[RECORDS FOR THE TASK Boundary: Start]

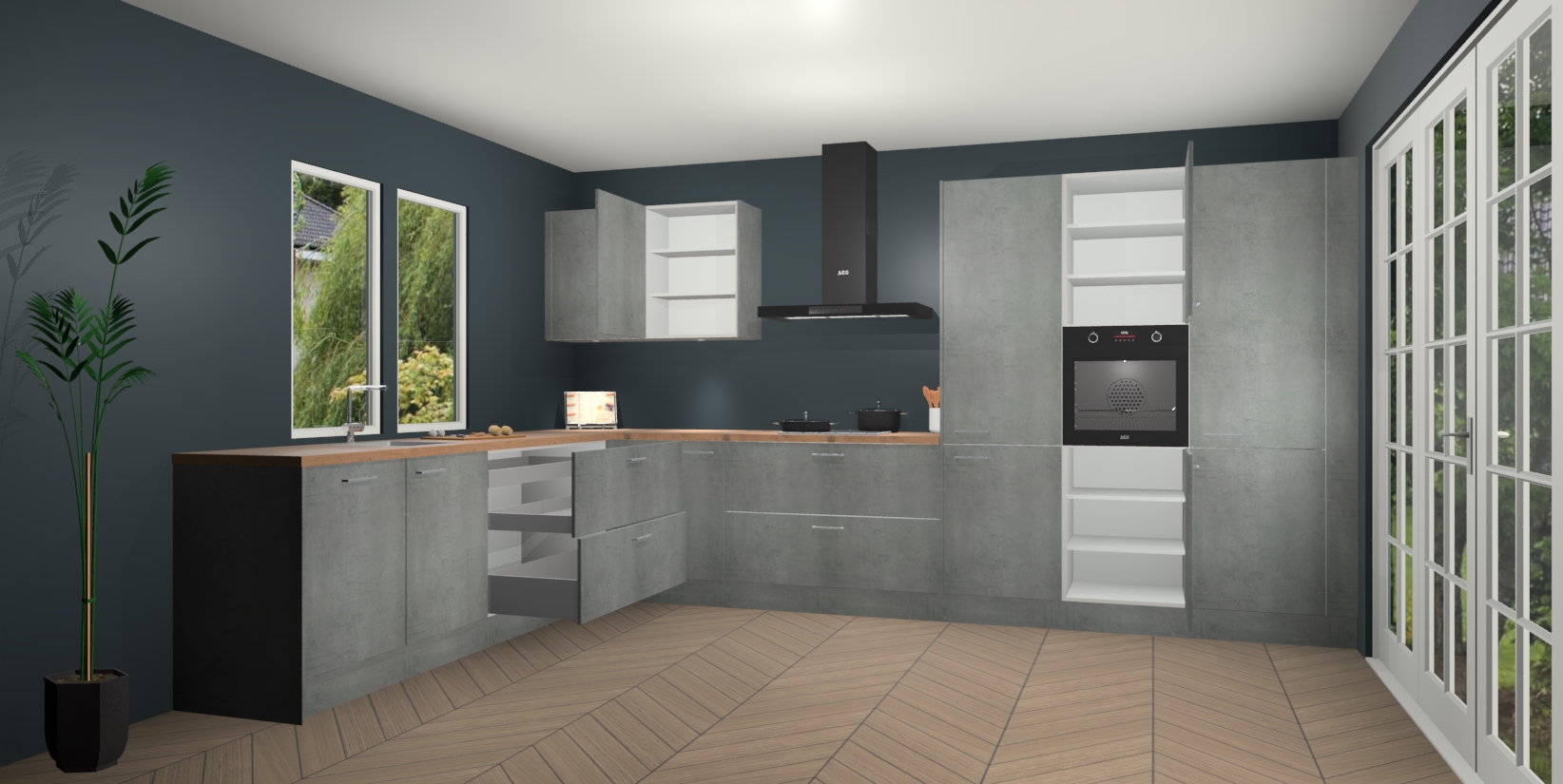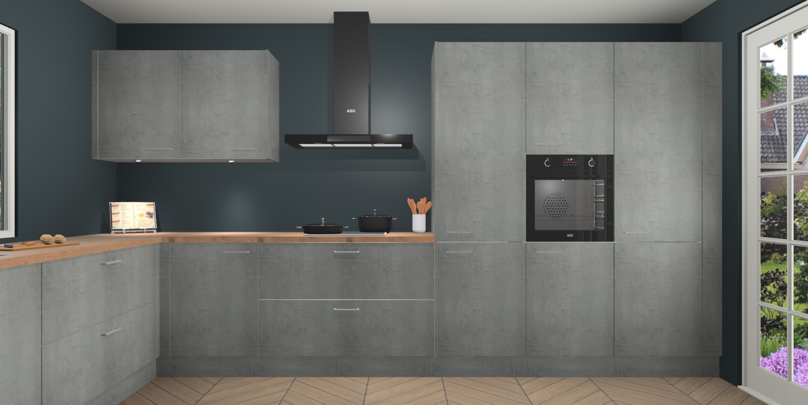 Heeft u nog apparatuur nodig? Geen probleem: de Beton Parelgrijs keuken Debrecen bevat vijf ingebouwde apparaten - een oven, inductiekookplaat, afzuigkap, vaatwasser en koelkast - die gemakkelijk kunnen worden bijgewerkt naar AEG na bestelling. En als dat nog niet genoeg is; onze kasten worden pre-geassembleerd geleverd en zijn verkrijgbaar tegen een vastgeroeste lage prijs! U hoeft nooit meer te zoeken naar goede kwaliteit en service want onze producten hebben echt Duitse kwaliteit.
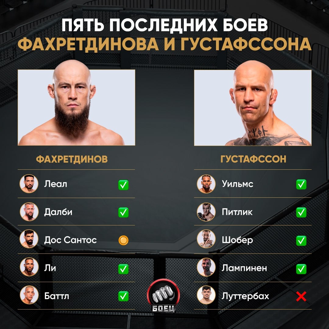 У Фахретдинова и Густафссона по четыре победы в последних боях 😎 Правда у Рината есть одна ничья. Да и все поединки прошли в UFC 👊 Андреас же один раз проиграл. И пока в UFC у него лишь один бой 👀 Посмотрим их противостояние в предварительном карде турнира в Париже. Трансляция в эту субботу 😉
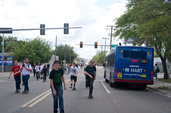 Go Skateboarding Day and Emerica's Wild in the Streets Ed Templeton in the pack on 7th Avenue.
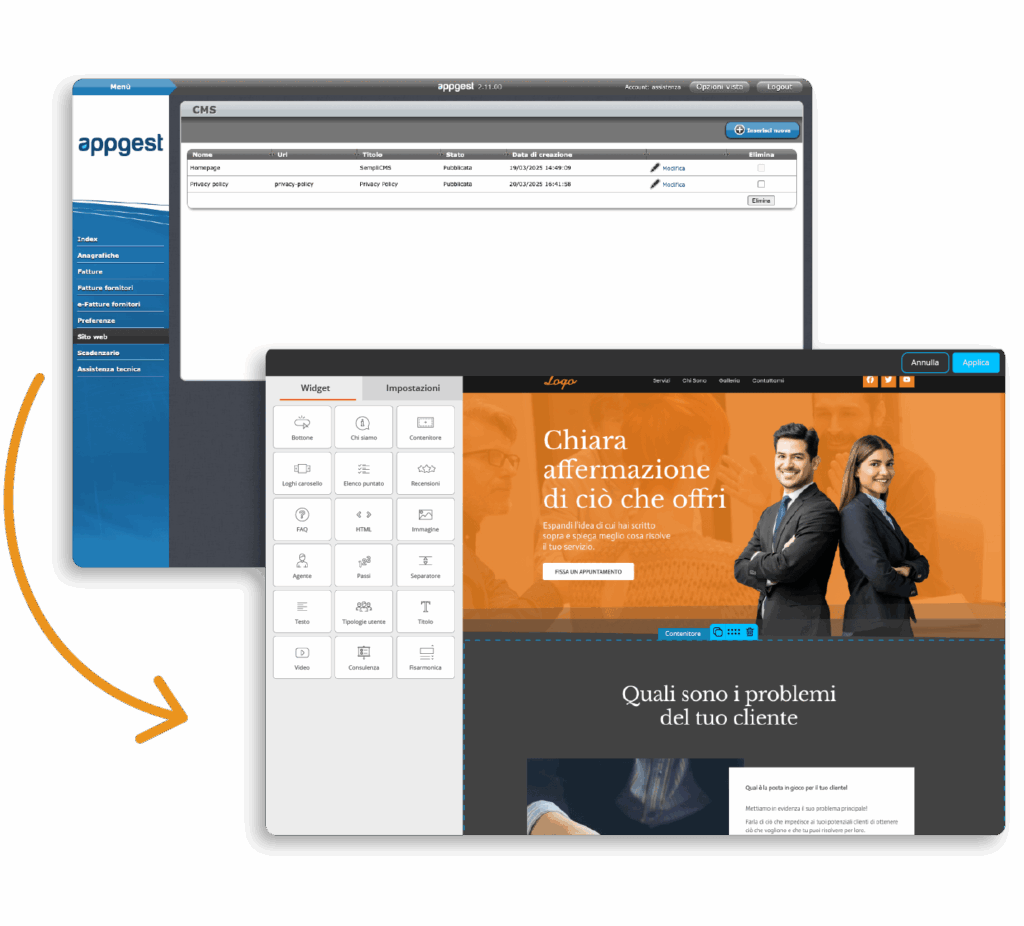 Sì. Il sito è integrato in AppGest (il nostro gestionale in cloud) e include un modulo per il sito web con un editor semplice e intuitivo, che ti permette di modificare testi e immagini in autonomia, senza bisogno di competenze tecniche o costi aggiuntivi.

[RECORDS FOR THE TASK Boundary: End]
[RECORDS FOR THE TASK Boundary: Start]

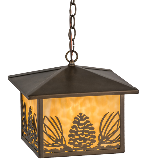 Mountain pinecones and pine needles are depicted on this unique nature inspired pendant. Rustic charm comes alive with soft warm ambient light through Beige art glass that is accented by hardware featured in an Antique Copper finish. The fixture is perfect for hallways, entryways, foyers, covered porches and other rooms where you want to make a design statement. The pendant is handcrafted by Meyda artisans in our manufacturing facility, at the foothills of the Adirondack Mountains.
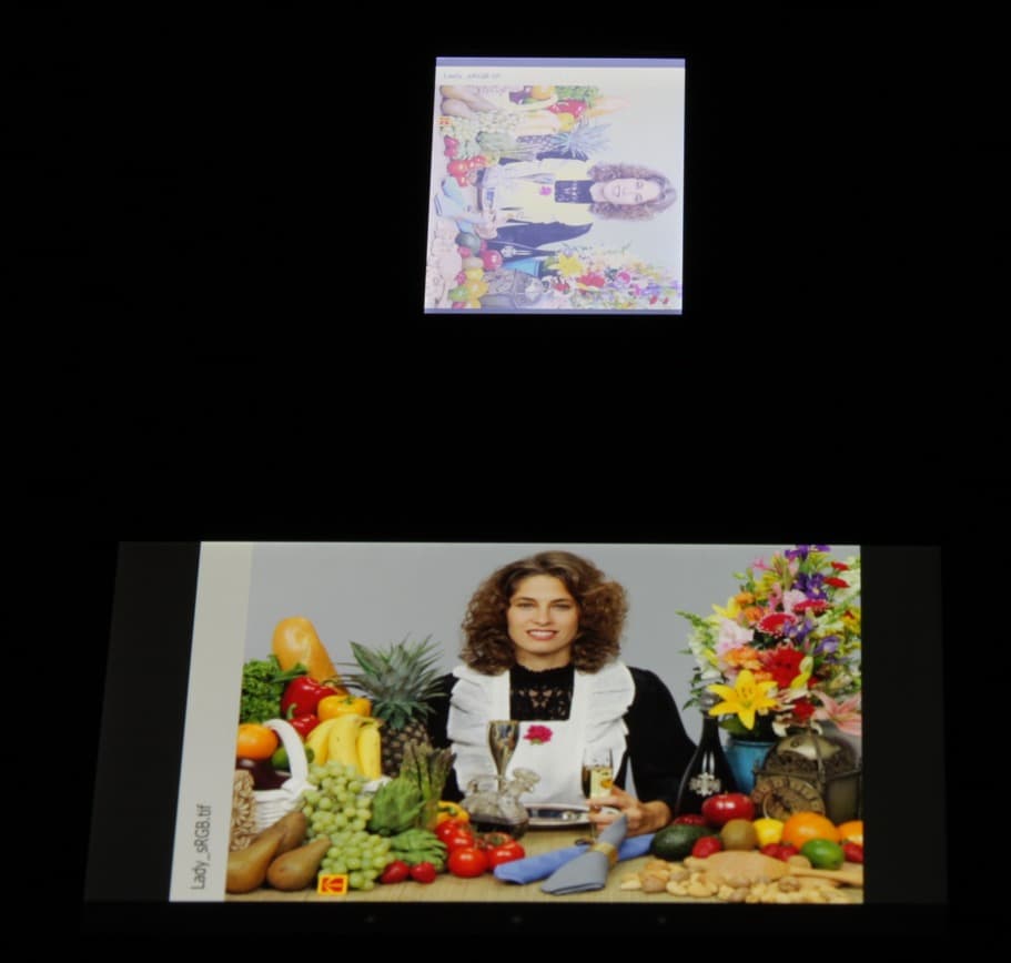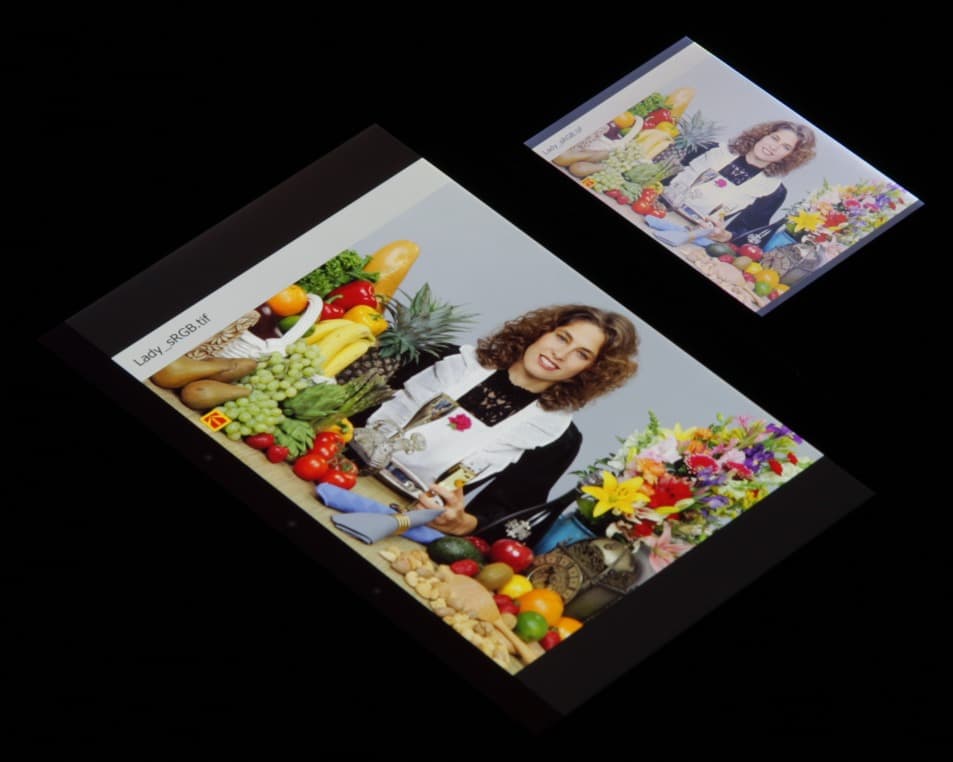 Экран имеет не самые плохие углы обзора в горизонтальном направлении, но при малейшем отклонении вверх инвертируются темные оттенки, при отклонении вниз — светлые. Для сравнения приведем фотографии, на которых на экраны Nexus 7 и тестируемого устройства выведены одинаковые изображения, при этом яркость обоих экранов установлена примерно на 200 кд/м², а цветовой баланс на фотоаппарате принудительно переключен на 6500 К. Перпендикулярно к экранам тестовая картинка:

[RECORDS FOR THE TASK Boundary: End]

WHAT TO DO: From the entries above, copy exactly the lines starting at the one with "Heeft u nog" and stopping at the one with "Sì. Il sito", keeping both ends. Drop the pictures.

ANSWER BELOW:
 Heeft u nog apparatuur nodig? Geen probleem: de Beton Parelgrijs keuken Debrecen bevat vijf ingebouwde apparaten - een oven, inductiekookplaat, afzuigkap, vaatwasser en koelkast - die gemakkelijk kunnen worden bijgewerkt naar AEG na bestelling. En als dat nog niet genoeg is; onze kasten worden pre-geassembleerd geleverd en zijn verkrijgbaar tegen een vastgeroeste lage prijs! U hoeft nooit meer te zoeken naar goede kwaliteit en service want onze producten hebben echt Duitse kwaliteit.
 У Фахретдинова и Густафссона по четыре победы в последних боях 😎 Правда у Рината есть одна ничья. Да и все поединки прошли в UFC 👊 Андреас же один раз проиграл. И пока в UFC у него лишь один бой 👀 Посмотрим их противостояние в предварительном карде турнира в Париже. Трансляция в эту субботу 😉
 Go Skateboarding Day and Emerica's Wild in the Streets Ed Templeton in the pack on 7th Avenue.
 Sì. Il sito è integrato in AppGest (il nostro gestionale in cloud) e include un modulo per il sito web con un editor semplice e intuitivo, che ti permette di modificare testi e immagini in autonomia, senza bisogno di competenze tecniche o costi aggiuntivi.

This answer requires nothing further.